Problem
Your answer should contain only the lines from the top of the data below down through the one with "容量:520ml 颜色:黑色 灰色", transcribed exactly and without pictures; please include nothing more.

Data for the task
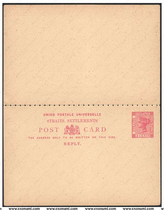 Straits Settlements - 3¢ + 3¢ Postcard (1893) Rate Increase
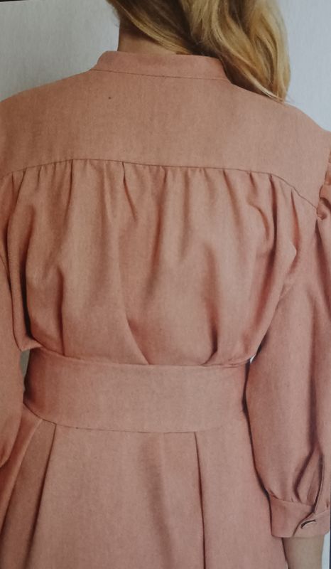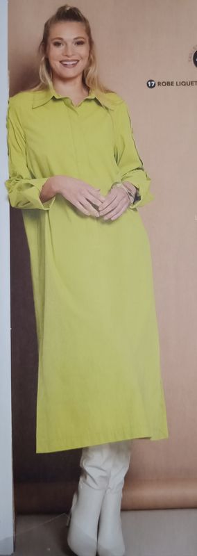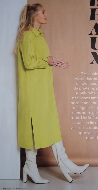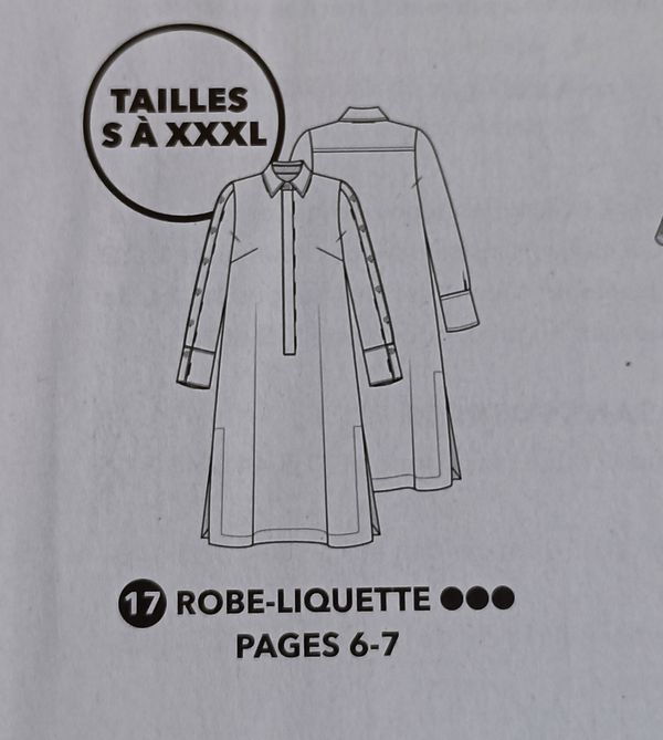 Dernier coup de cœur pour cette robe « liquette », je déteste ce mot ! C’est une robe chemise, mais, elle n’est pas entièrement ouverte sur le devant. Elle n’est pas prés du corps. Le gros détail se trouve sur les manches qui sont garnies d’une patte de boutonnage et de boutons sur toute leur longueur.
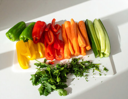 an overhead shot of sliced zucchini, carrots, and bell peppers, created with generative ai
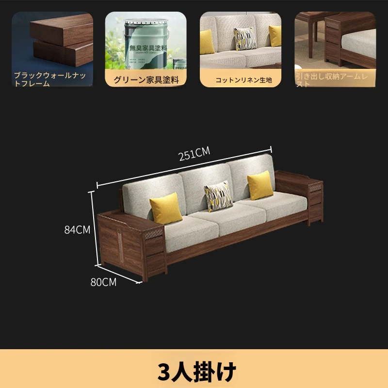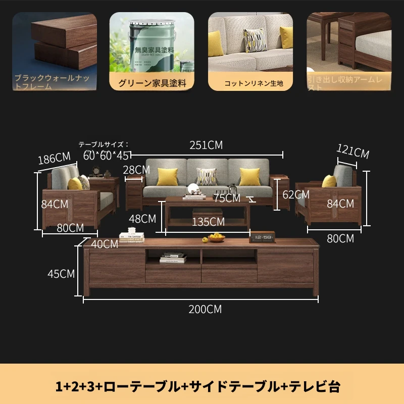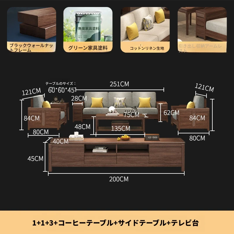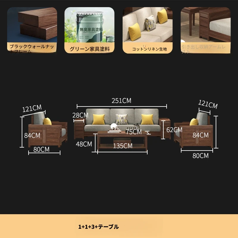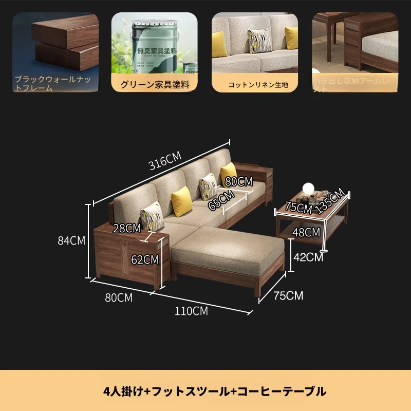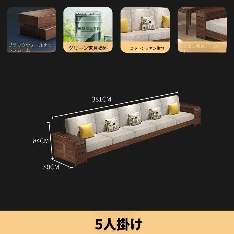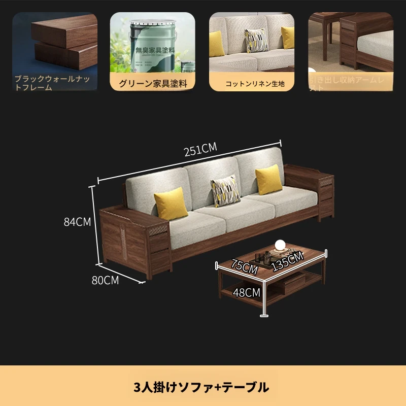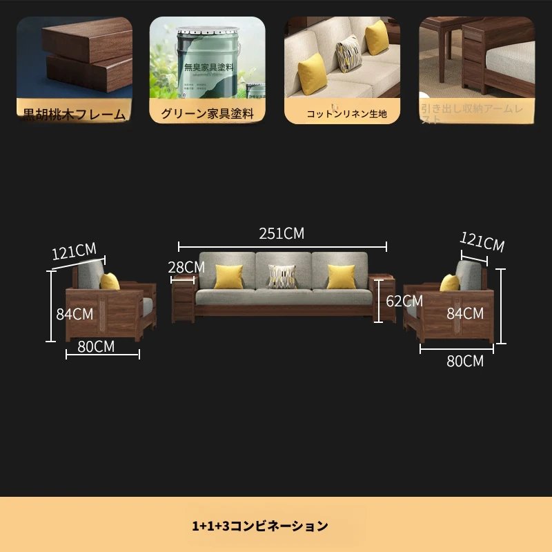 ブラックウォールナット製ソファセット|ラグジュアリーなデザインで小型スペースにもぴったり!高品質な木材とファブリックを使用した角型ソファ。ヴィラやリビングルームに最適なスタイリッシュな家具。
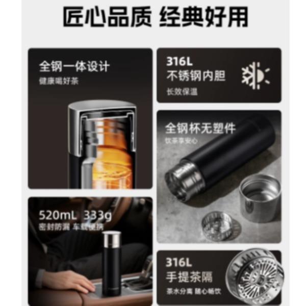 容量:520ml 颜色:黑色 灰色 尺寸:6.5*21.5cm 材质:316L不锈钢内胆, 无尾抽真空超保温技术,保温保冷。 316L不锈钢茶漏,316L抽真空杯盖, 防烫保温,一盖多用。硅胶底垫,防滑耐磨。
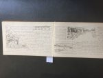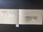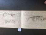 BELGIQUE – PAYS BAS : Marie ANNALY-LOURSE : Voyage en Belgique et Hollande. Vers 1885. Un volume in-8 oblong (17,5 x 27 cm) relié en toile marron d’époque. 93 pages + qq pages restées vierges. Important et unique manuscrit retraçant le voyage effectué par l’artiste bordelaise Marie Annaly, ou Annaly-Lourse, en Belgique et en Hollande dans les années 1885, en compagnie d’un couple d’amis. Ces récits de voyage, contenant de nombreuses observations ainsi que des anecdotes amusantes, nous emmène de Paris (point de départ) à Bruxelles, Anvers et sa région, la route d’Anvers à Amsterdam, Amsterdam et sa région, La Haye et se termine à Schweningen. L’ensemble est illustré de 106 très beaux dessins réalisés par l’artiste soit à la plume soit au crayon, dans le texte ou à pleine page, représentant paysages, monuments et personnages pittoresques rencontrés lors de leurs excursions. Marie Annaly (1846-1910), dite Annaly-Lourse, est une artiste peintre bordelaise qui fut un des premiers membres de la Société des Femmes artistes. Elle fut l’élève de Auguin, Baudit et Pelouse.
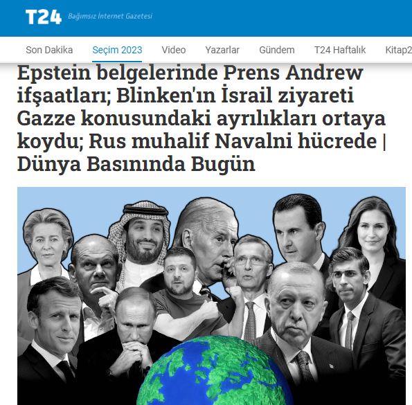 "Epstein belgelerinde Prens Andrew ifşaatları; Blinken'ın İsrail ziyareti Gazze konusundaki ayrılıkları ortaya koydu; Rus muhalif Navalni hücrede, Dünya Basınında Bugün" başlığıyla servis edilen fotoğraf görselinde Prens Andrew'in fotoğrafı bulunmazken Cumhurbaşkanı Recep Tayyip Erdoğan en öne kondu.
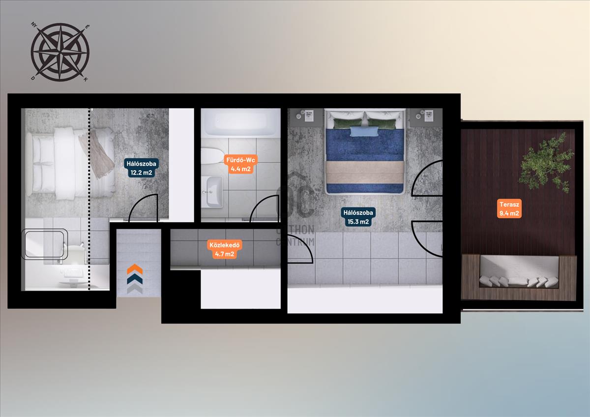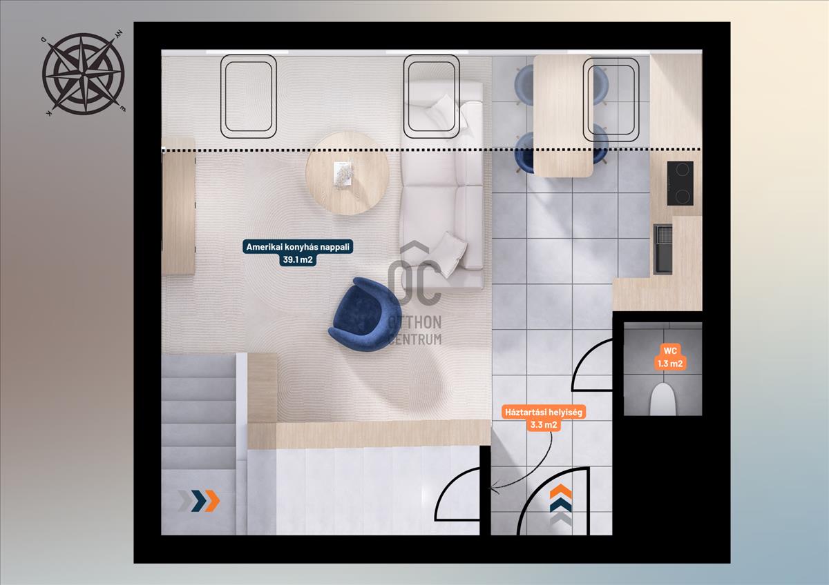 ✅ Tájolása délnyugati, világos, napos és logikusan bútorozható terekkel rendelkezik.
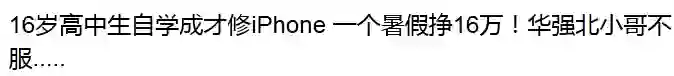 美国一名的高中生光靠着修iPhone,去年暑假就挣了16万,并且他是在YouTube上找了一些视频自学的。
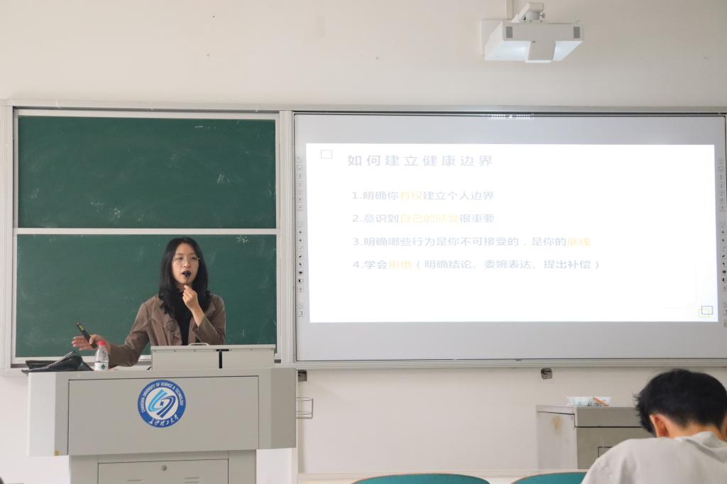 课程开始,卢灵舢向同学们详细介绍了情绪波动的多样因素以及人际交往的重要性,并引出了“如何开始人际交往”这一话题。随后,卢灵舢指出维系人际交往的关键为两个理解与两个行动,同时巧妙运用专业心理健康理论、生动的事例和富有感染力的语言,使同学们体会到不同聊天方式在人际交往中的关键作用。此外,卢灵舢还列举了在人际交往中常遇到的烦恼,帮助同学们学会如何通过有效沟通与正确处理冲突来维护人际关系,如何建立健康的人际边界,明确个人底线,掌握拒绝的艺术。最后,卢灵舢对学生进行了问卷调查,调查同学们对本次心理健康课的收获与感受。
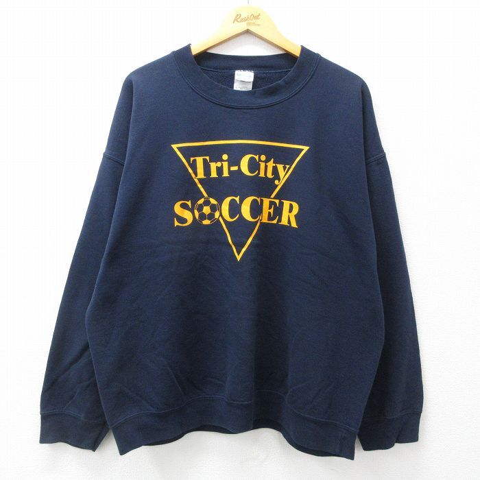 - XL/古着 長袖 スウェット メンズ 00s サッカー 大きいサイズ クルーネック 紺 ネイビー 24aug28 中古 スエット トレーナー
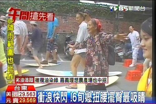據臺灣TVBS網站報道,2013臺灣衝浪公開賽14日將在臺東展開,13日有10名選手舉行快閃活動,拿著衝浪板在路上假裝衝浪,超市的員工也拿著購物籃充當衝浪板,場面相當逗趣,其中還有一位60歲的阿嬤也來加入衝浪的行列。
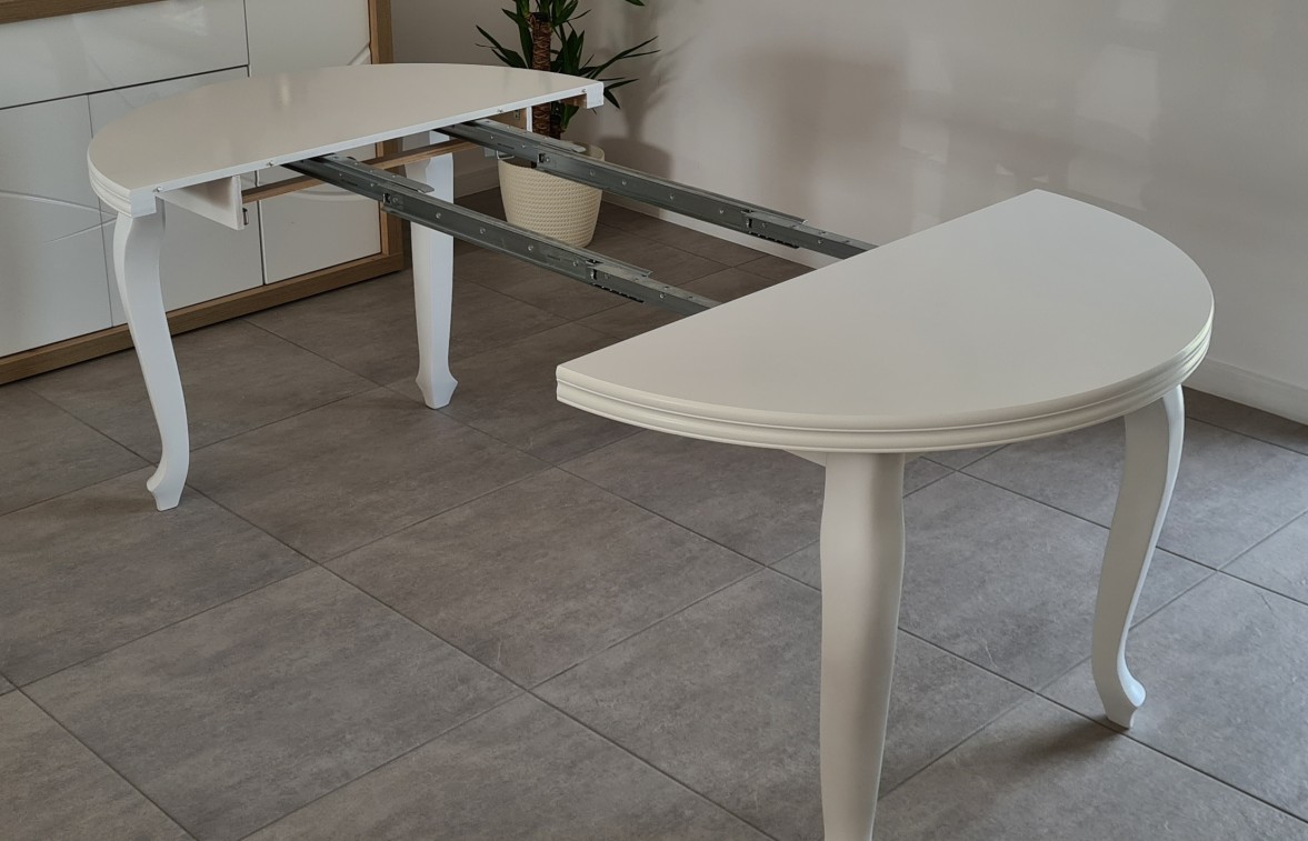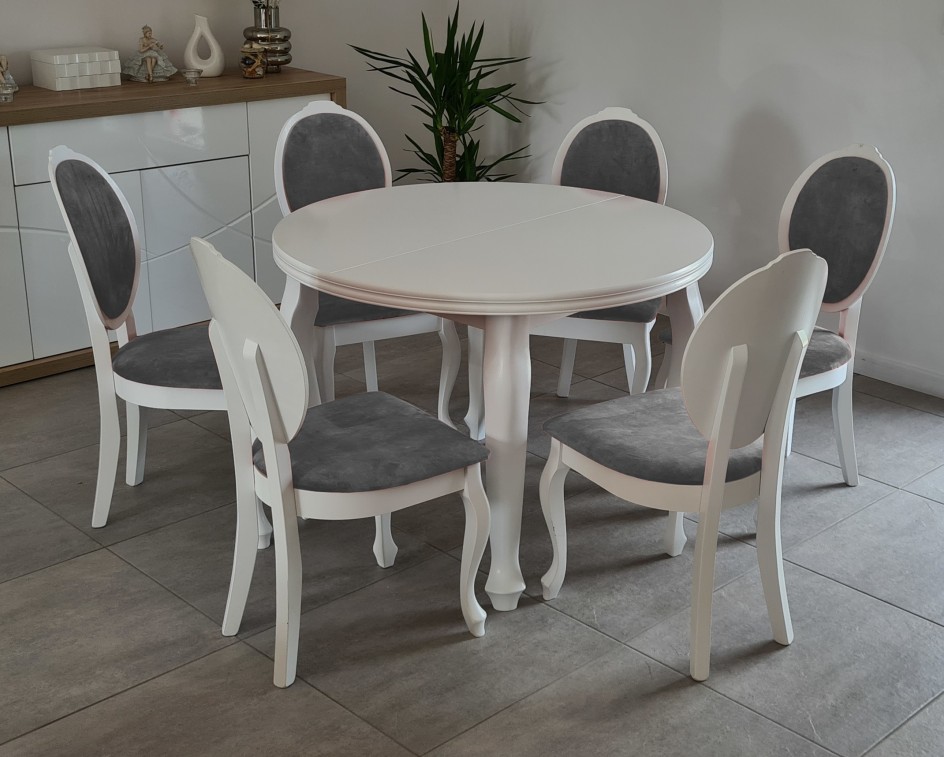 BIAŁY DUŻY ZESTAW LUDWIK STÓŁ OKRĄGŁY 110/210+2X50 WKŁAD + 6 KRZESEŁ Z LITEGO DREWNA

Response for this exercise
 Straits Settlements - 3¢ + 3¢ Postcard (1893) Rate Increase
 Dernier coup de cœur pour cette robe « liquette », je déteste ce mot ! C’est une robe chemise, mais, elle n’est pas entièrement ouverte sur le devant. Elle n’est pas prés du corps. Le gros détail se trouve sur les manches qui sont garnies d’une patte de boutonnage et de boutons sur toute leur longueur.
 an overhead shot of sliced zucchini, carrots, and bell peppers, created with generative ai
 ブラックウォールナット製ソファセット|ラグジュアリーなデザインで小型スペースにもぴったり!高品質な木材とファブリックを使用した角型ソファ。ヴィラやリビングルームに最適なスタイリッシュな家具。
 容量:520ml 颜色:黑色 灰色 尺寸:6.5*21.5cm 材质:316L不锈钢内胆, 无尾抽真空超保温技术,保温保冷。 316L不锈钢茶漏,316L抽真空杯盖, 防烫保温,一盖多用。硅胶底垫,防滑耐磨。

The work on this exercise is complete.